Yes, a significant number is vague
Indeed given their own definition of a small organisation. I can’t remember or find the figures now but wasn’t a small platform under 7m users of something?
 
I'm also considering setting the age limit as 16 rather than 18. I can't see it makes a lot of difference if there's no age verification software, and means the site wouldn't exclude older teenagers who have their own pets. Not that we had any that posted. I suppose technically though, that would be seen to be encouraging children to join. 16 and 17 year olds are still children.

Still thinking about this. Probably best to set it to 18.
 
You can choose either moderation or soft-delete. I'd love a more advanced system, but then again there are a few changes I'd make to reports. Here are the options for Crowd Moderation:

View attachment 322050
So in my case the permissions shown are for users that have been on the site a good long time (probably 15+ years, I forget) so if they shout I pay attention and even allow them to "shout" twice (ie if they report a post twice) - which would actually be enough to have something pulled (2x 3 points > 4 point threshold). Younger users are a little less heavily weighted.
Just going back to this. If I set all users to 4 moderation points. But 2 report limits. Would this mean any report posted would automatically go for moderation. But users can't report more than two posts in any given time period (would it be 24 hours). ie would it stop a rogue user removing masses of posts by sending them all to moderation, and messing up the forum?
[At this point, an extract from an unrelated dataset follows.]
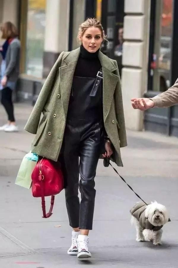 注意领子的颜色和鞋子是呼应的。有时候要呼应颜色也只需要小面积的颜色一致就好了。大衣、皮裤、墨镜还是那么酷。

That's the main thing I'd want to achieve

1) Anything reported goes straight for moderation
2) Limit how many posts a user can report within a given time period.
 
I've had to resort to using Google's AI Overview to try and ensure compliance with the act so take this for what it's worth. With regard to the 70,000 user threshold (note my emboldened text);

The 70,000 user threshold, previously used in the UK Online Safety Act for determining which services were in scope of the regulation, has been removed. This means that all file-storage and file-sharing services, regardless of their size, are now expected to use automated tools like hash-matching and URL detection to find child sex abuse material. Additionally, all user-to-user services must now employ a content moderation function to review and assess suspected illegal content.
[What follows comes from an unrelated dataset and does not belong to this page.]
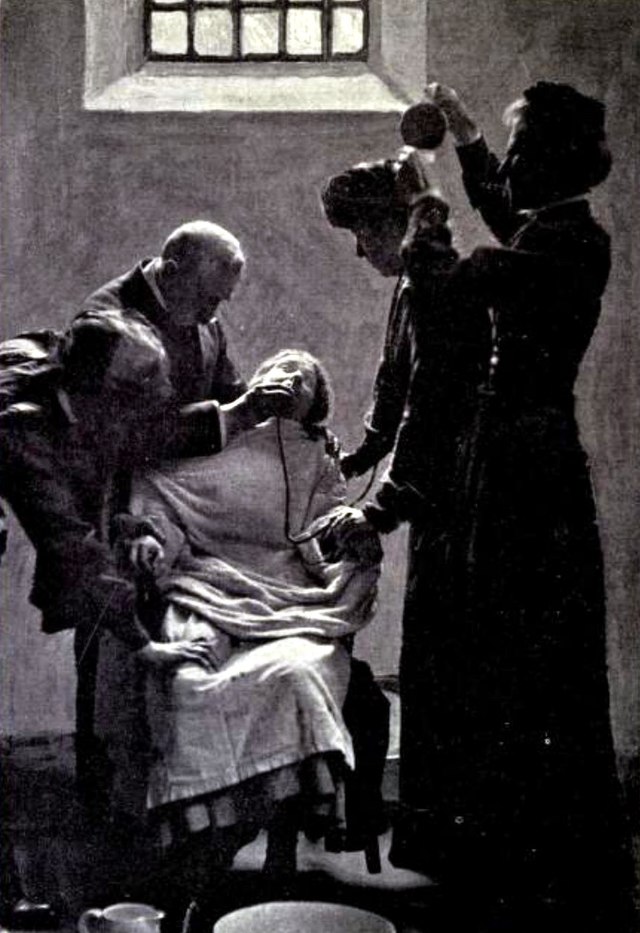 Горничная Кэт. Представляя читателю эту героиню автор немного углубляется в историю на рубеже XIX - XX веков, когда по Англии уже широким шагам шествовало движение суфражисток, выступавших против дискриминации женщин, боровшихся за получение женщинами политических прав. За публичные демонстрации и радикальные методы многие суфражистки попадали в тюрьму. Не избежала этой участи и Кэт. Так вот если вы раньше не знали о том, как обращались в тюрьме с суфражистками, то автор вас просветит. Особенно о процессе принудительного кормления.... очень страшном по своей сути и по последствиям.

I would very much like to be shown this is false information.
 
Just to confuse the issue, Chat GPT gives various numbers! Clear as mud

Under the UK's Online Safety Act, the definition of a "small service" can vary depending on the context and specific guidance provided by Ofcom.

Ofcom generally classifies services with fewer than 49 employees as "small" services. However, when considering the number of UK users, a "small service" is typically one with fewer than 7 million average monthly UK users. Some measures may apply to services with more than 700,000 monthly active UK users, such as using hash-matching and URL detection to detect [CSAM]
 
OK I was wrong. But I think I could still claim < 3000 active users as insignificant.
Apologies it seems 7 million is right (possibly). See above. But I have definitely seen 70,000 somewhere. Maybe in the digital toolkit.
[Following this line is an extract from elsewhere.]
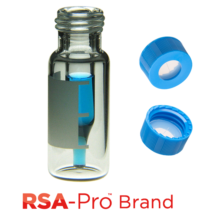 Vial & Cap Kit Includes 100 EA 300ul, Fused Insert, Screw Top, Clear RSA-Pro™ Autosampler Vials with Write on Patch and fill lines and 100 EA matching Screw Caps with Clear AQR Silicone Rubber / Clear PTFE, ultra-pure, Pre-Slit Septa, fitted in the Light Blue Caps. RSA-Pro Brand Easy Purchase Pack. 1/PK. CUSTOM ORDER.

Haven't they heard of extra small, small, medium, large and extra large? 🤣
 
This is how it describes it in the digital toolkit

"File Storage and File Sharing Service:

Services whose primary functionalities involve enabling users to store digital content and share access to that content through links."

The primary function of a forum is not to enable users to store digital content etc. I see that as places like Googledrive.